> TASK TO COMPLETE
Pictures excluded, reproduce exactly the lines below from the one with "Color: 48-grid double" through the one with "クリーム色の大判プレートです", both included.

+ + + + +

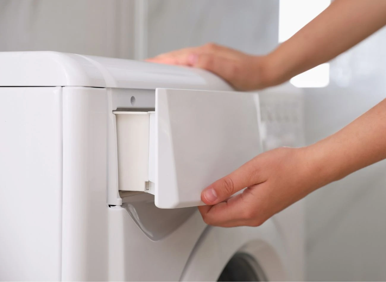 Aby dokładnie wyczyścić dozownik, w pierwszej kolejności wyjmij go z pralki. Zazwyczaj jest to dość intuicyjna czynność – większość modeli ma małą blokadę/przycisk na środku lub z tyłu szufladki. Jeżeli jednak masz z tym problem, sprawdź w instrukcji obsługi. Najbardziej skuteczna metoda czyszczenia szufladki składa się z dwóch etapów:
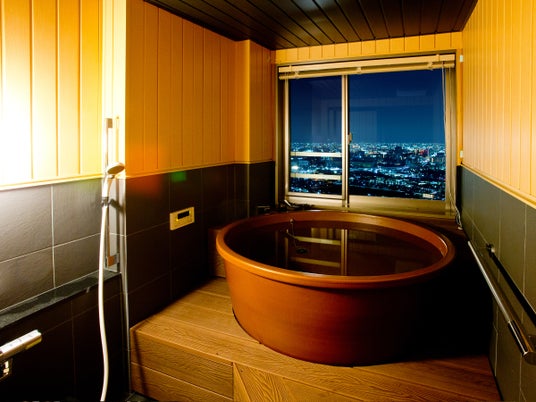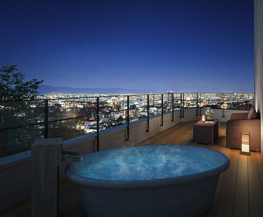 ■露天風呂付和モダン広々とした45平方メートル の空間に27平方メートル の露天風呂を含むテラスが備わっています。建物の角部屋に位置しているためテラスからは大阪の街並みと箕面の自然、どちらもお楽しみいただけます。
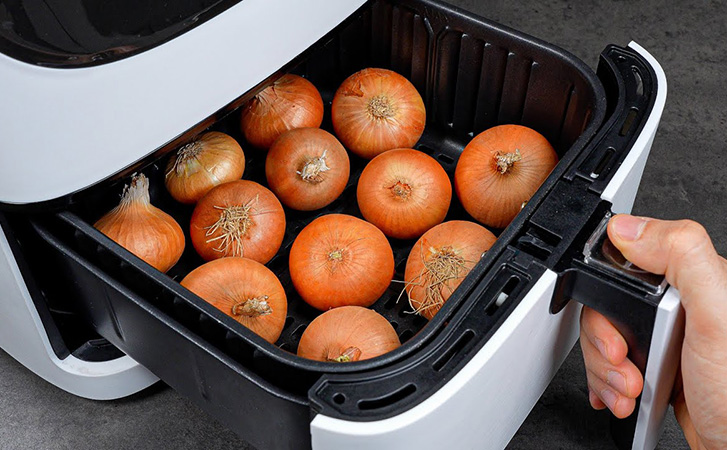 В аэрофритюрнице лук раскрывается совершенно по-новому: из простого овоща он превращается в сочные дольки с нежной серединкой и аппетитной хрустящей оболочкой. Сначала лук томится при невысокой температуре, становится мягким и сладковатым, затем обволакивается панировкой с сыром и зеленью и подрумянивается до золотистой корочки. В итоге получается закуска с насыщенным вкусом, которая подается и как самостоятельное блюдо, и как гарнир к мясу.
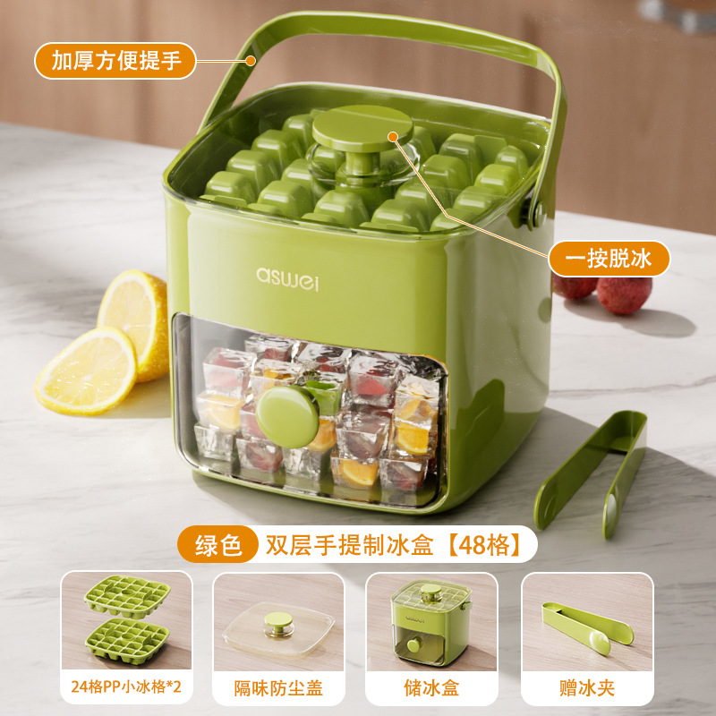 Color: 48-grid double layer-fruit green [1 second ice removal, food grade]
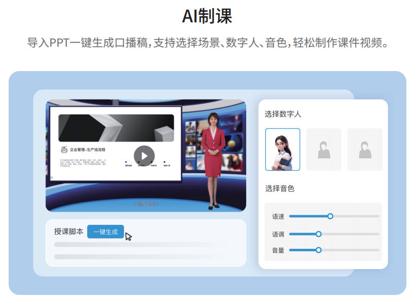 AI制课是借助人工智能技术,实现智能化课程开发的强大功能。它将传统依赖大量人工的课程策划、内容生成和课件制作环节,转为高效连贯的智能生产流程,降低企培课程开发难度与时耗。作为为企业提供一体化制课解决方案的优质辅助工具,具备以下核心功能:
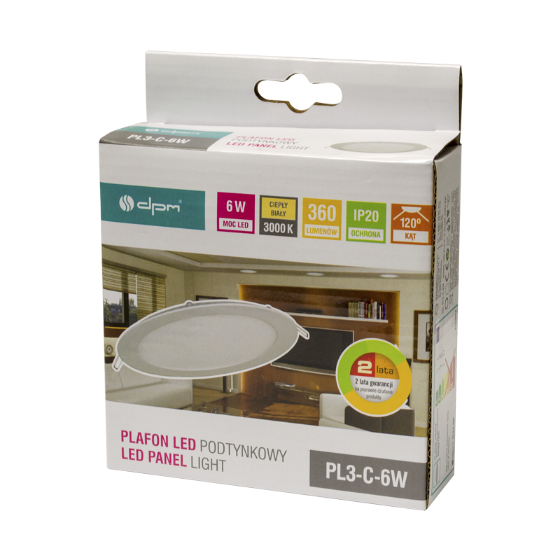 LED panelė 6W /230VAC apvali 3000k, 360lm WW įl.
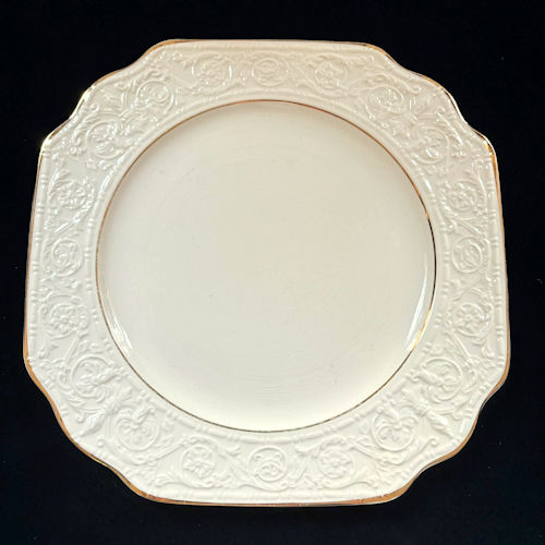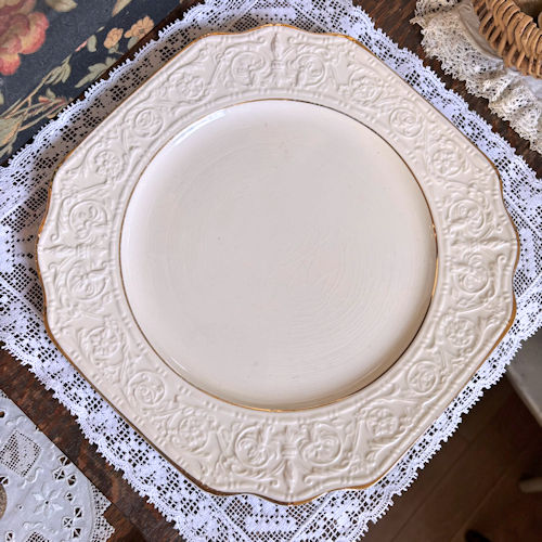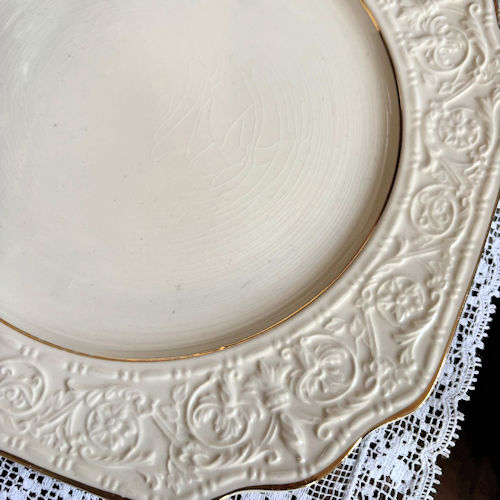 クリーム色の大判プレートです。縁の3、4cmに細かな唐草模様のエンボスが施されています。絵付けはなくエンボスと金の縁だけですが上品で華やかな印象です。盛り付ける料理を引き立ててくれるプレートです。
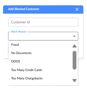 - Click the Add Blocked Customer button.
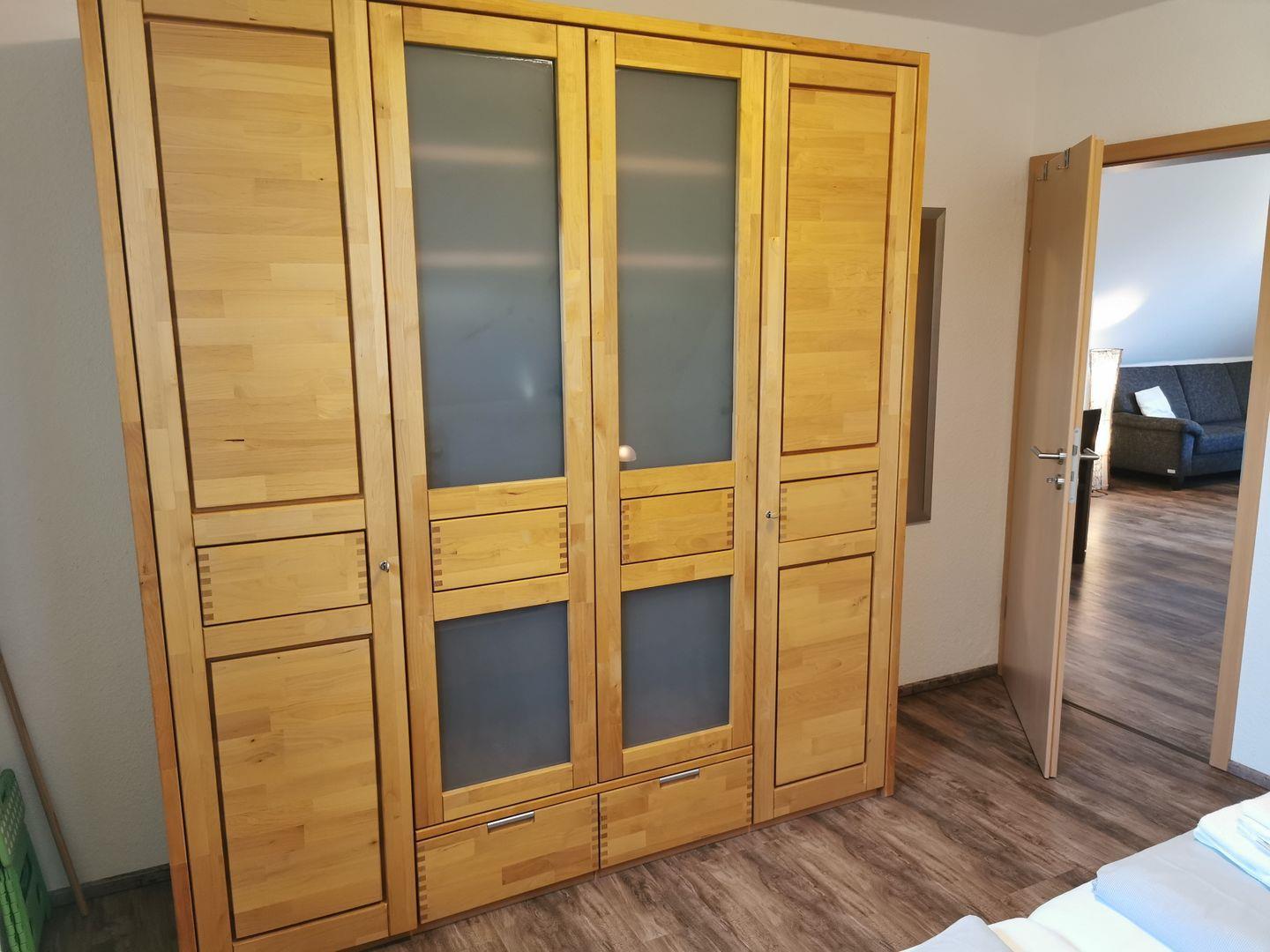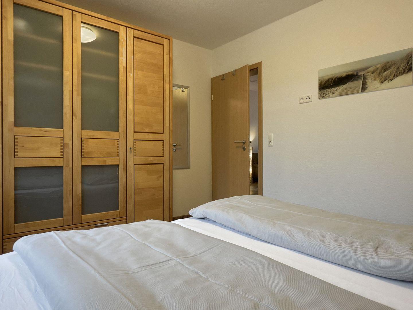 Das Schlafzimmer verfügt über ein großes Doppelbett und einen geräumigen Kleiderschrank.
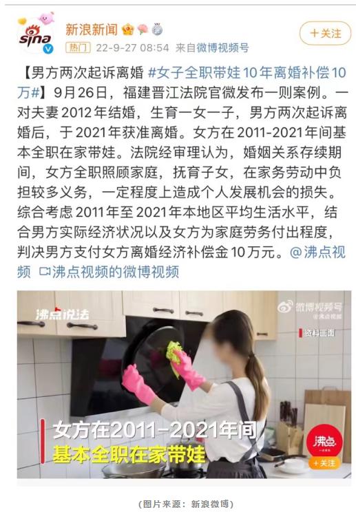 22年9月,一个“女子全职带娃离婚补偿10万”的新闻冲上热搜。福建晋江的一对夫妻结婚10年,育有一子一女,丈夫2次起诉要求离婚,法院判决书中提到:“在原、被告婚姻关系存续期间,被告全职照顾家庭,抚育子女,在家务劳动中负担较多义务,一定程度上造成个人发展机会的损失。综合考虑2011至2021年本地区平均生活水平,结合原告的实际经济状况以及被告为家庭劳务付出程度,判决原告支付被告离婚经济补偿金10万元。”热搜词条下的评论几乎一边倒的表示“对女方很不公平”、“请保姆都不止这个数”、“不要结婚、不要生孩子”等。
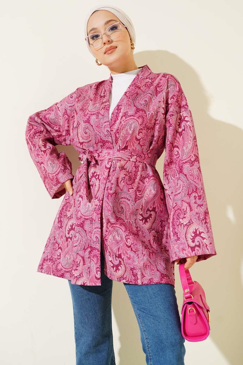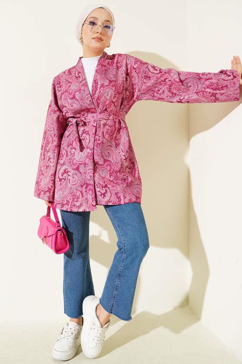Patterned Rope Tied Kimono Fuchsia (0319-2455-677948)
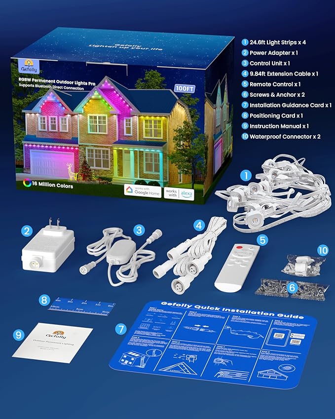 • Smart App and Voice Control: Use the "Smart Life" or "Tuya Smart“ app to individually control the color of each Gefolly outdoor light and set timers to light up your holiday party. Or create your own custom patterns, colors, and brightness levels. These lights are compatible with Alexa and Google Assistant for convenient, hands-free voice control.
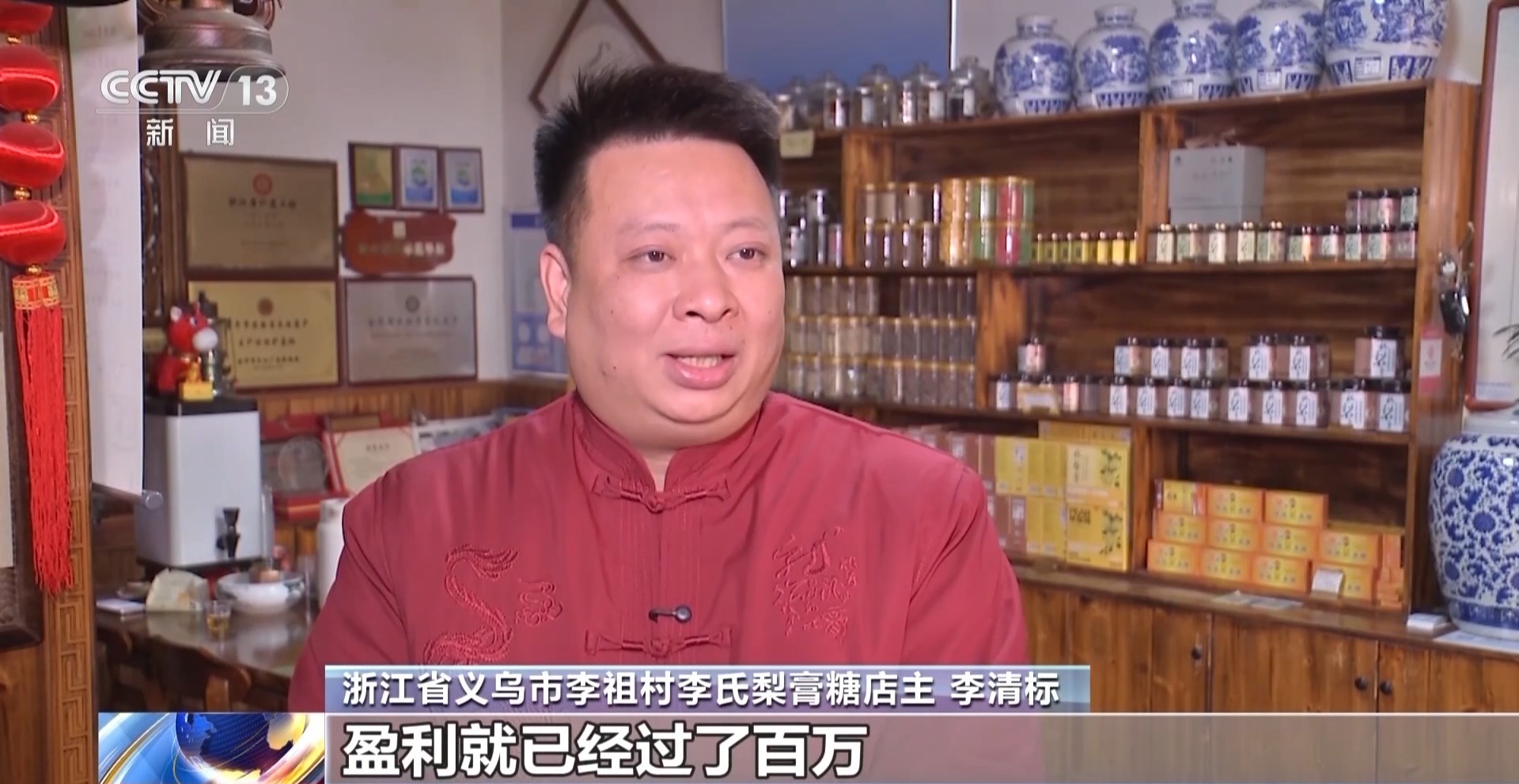 浙江省义乌市李祖村李氏梨膏糖店主 李清标:第一年我们入驻这里,盈利就已经过了百万。

+ + + + +

> ANSWER FOR THE TASK
 Color: 48-grid double layer-fruit green [1 second ice removal, food grade]
 AI制课是借助人工智能技术,实现智能化课程开发的强大功能。它将传统依赖大量人工的课程策划、内容生成和课件制作环节,转为高效连贯的智能生产流程,降低企培课程开发难度与时耗。作为为企业提供一体化制课解决方案的优质辅助工具,具备以下核心功能:
 LED panelė 6W /230VAC apvali 3000k, 360lm WW įl.
 クリーム色の大判プレートです。縁の3、4cmに細かな唐草模様のエンボスが施されています。絵付けはなくエンボスと金の縁だけですが上品で華やかな印象です。盛り付ける料理を引き立ててくれるプレートです。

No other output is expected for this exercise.